To be sure, he said, he had no objection to bishops’ “making utter nuisances of themselves” about poverty and injustice, like the Old Testament prophets, as long as they did not advocate specific remedies. They should stop lobbying for detailed economic policies like progressive tax rates, higher minimum wage and, presumably, the expansion of health care—“matters of public policy upon which Gospel principles by themselves do not resolve differences of opinion among reasonable and well-informed people of good will,” as George put it.

Perhaps because George has a PhD, he thinks he can pull this off. Embryo- and sex-related issues are “moral social” issues, but poverty and health care are somehow neither moral nor social. He himself acknowledges the weakness of his argument when he allows that Catholic leaders may talk about poverty, but without talking about how we should alleviate it.

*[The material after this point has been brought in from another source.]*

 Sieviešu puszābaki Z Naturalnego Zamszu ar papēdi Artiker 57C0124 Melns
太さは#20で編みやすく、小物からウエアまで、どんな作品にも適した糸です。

Apparently, feeding and clothing the poor (with George’s tax dollars) is too rash—but talking in church about feeding and clothing the poor with hypothetical food and clothes is fine.

But George, perhaps playing to his audience (godless liberal academics), takes his argument “outside” religion altogether. Get ready for this: it’s wild.

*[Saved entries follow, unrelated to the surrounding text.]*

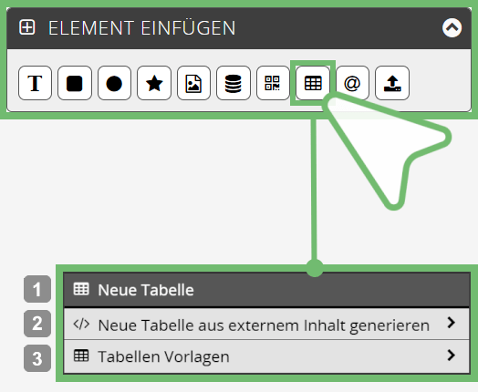 | Zum Erstellen einer Tabelle finden Sie unter dem Reiter Element einfügen den Button | ||
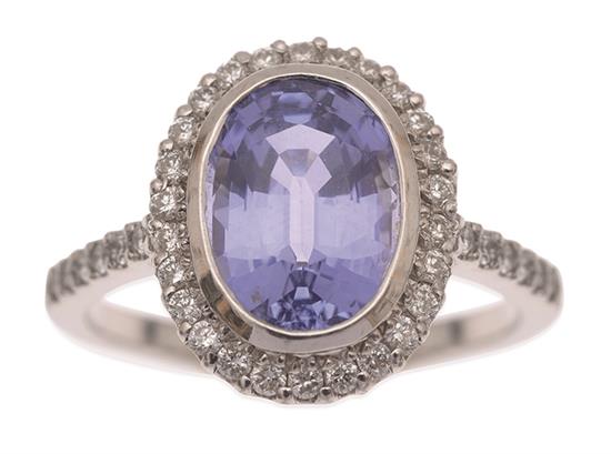 Of oval cluster design, centrally set with an oval sapphire weighing 4.04cts, within a border of round brilliant cut diamonds, and diamond set shoulders, in 18ct white gold, independent valuation available, ring size M-N.
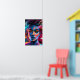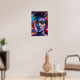 Striking psychedelic portrait of a beautiful woman with glowing neon skin, swirling colorful hair, intense golden eyes, and bold lips. Vibrant blues, pinks, purples, and yellows create a trippy, modern abstract effect. Perfect for bold wall art, bedroom decor, or contemporary home styling.
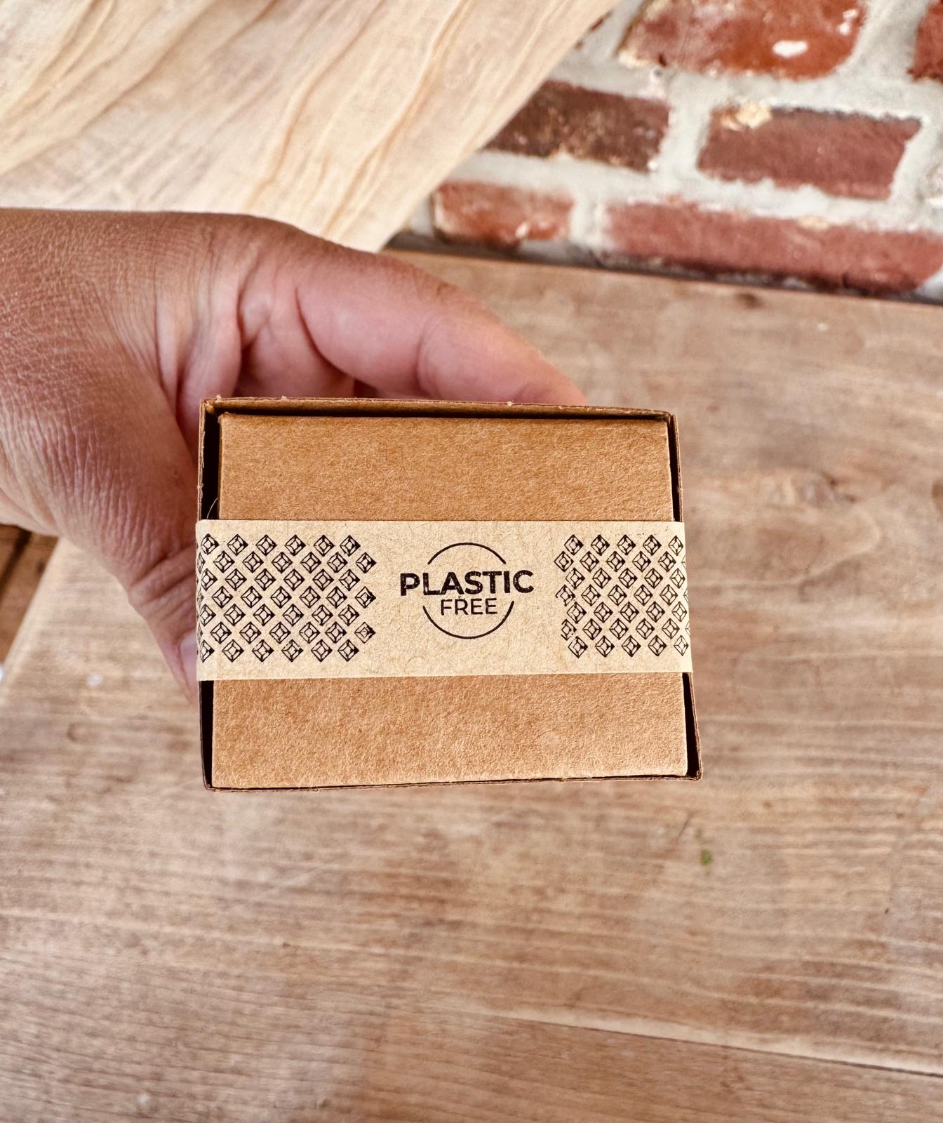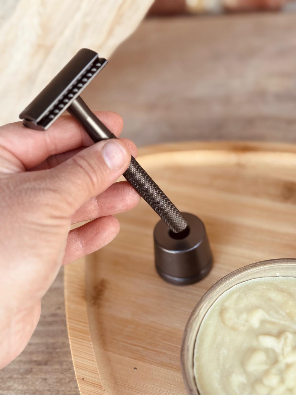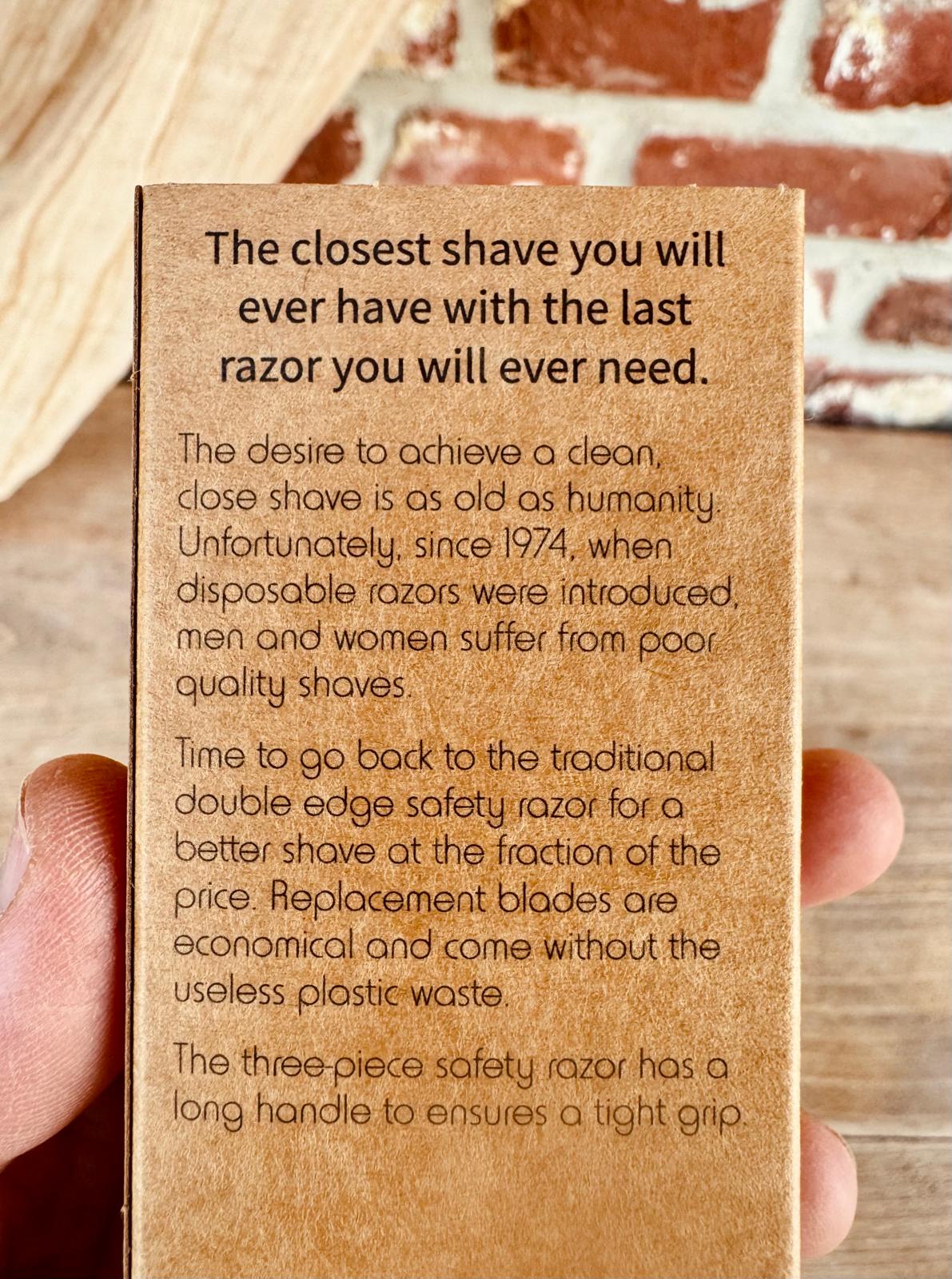 Het scheermes heeft een handig antislib handvat en is 100% plasticfree, ook de verpakking.

It is the liberals, [George] argues, who are slaves to a faith-based “secularist orthodoxy” of “feminism, multiculturalism, gay liberationism and lifestyle liberationism.” Conservatives, in contrast, speak from the high ground of nonsectarian public reason.

George argues that the moral order advocated by conservatives need not be connected to “divine revelation or biblical Scripture”—that it can be defended, quite simply, as the most reasonable order.

George makes some dubious distinctions between Aristotelians (he is one), who believe in “an objective moral order,” and followers of Hume, or, in his view, modern liberals, who believe in determinism rather than free choice. George ignores the fact that Hume himself reconciled free will with determinism, and, more relevantly for the non-philosophically-inclined, George’s picture of liberals is a caricature. Liberals don’t think that we’re all slaves to our emotions, that we’re dumb animals shaped entirely by our circumstances. Liberals, like conservatives, believe in character and morals. That’s why we’re willing to let the government take from our earnings each month! That’s why we help our neighbors shovel their driveways! Liberals are humans, too.

Liberals don’t doubt that there is an objective moral order—we’re just skeptical of humans’ ability to perceive it. Hence: Inquisition, witch trials, slavery, genocide—or, as Kirkpatrick writes, “what secular pessimists call history.”

But George insists that reason is absolute, and all humans possess it—in other words, we may do wrong (by being gay or using a condom), but we know it’s wrong. And it’s wrong not because the Bible says so, but because contraception and homosexuality are unreasonable for society.

And why is gay sex or contraception or masturbation unreasonable for humanity? Towards the end of the article, Kirkpatrick plunges (bravely) into the dirty details of George’s position on sex. Marriage is a mind-body union, George claims, so marriage requires sex, and sex belongs only in marriage. And only procreative sex belongs in marriage, because the mind-body union is fully realized in reproduction.

What about heterosexual couples who can’t reproduce? George’s answer to this is very poor and requires a sports analogy:

Marriage is designed in part for procreation in the way a baseball team is designed for winning games, he says, but “people who can practice baseball can be teammates without victories on the field.”

In that case, can’t gay couples also be teammates? They can’t reproduce, but they sure can try! (Hat-tip to Sean Penn’s line in Milk.) But seriously, if an infertile couple continues to have good Catholic married intercourse, knowing they’re infertile, then George’s argument falls apart.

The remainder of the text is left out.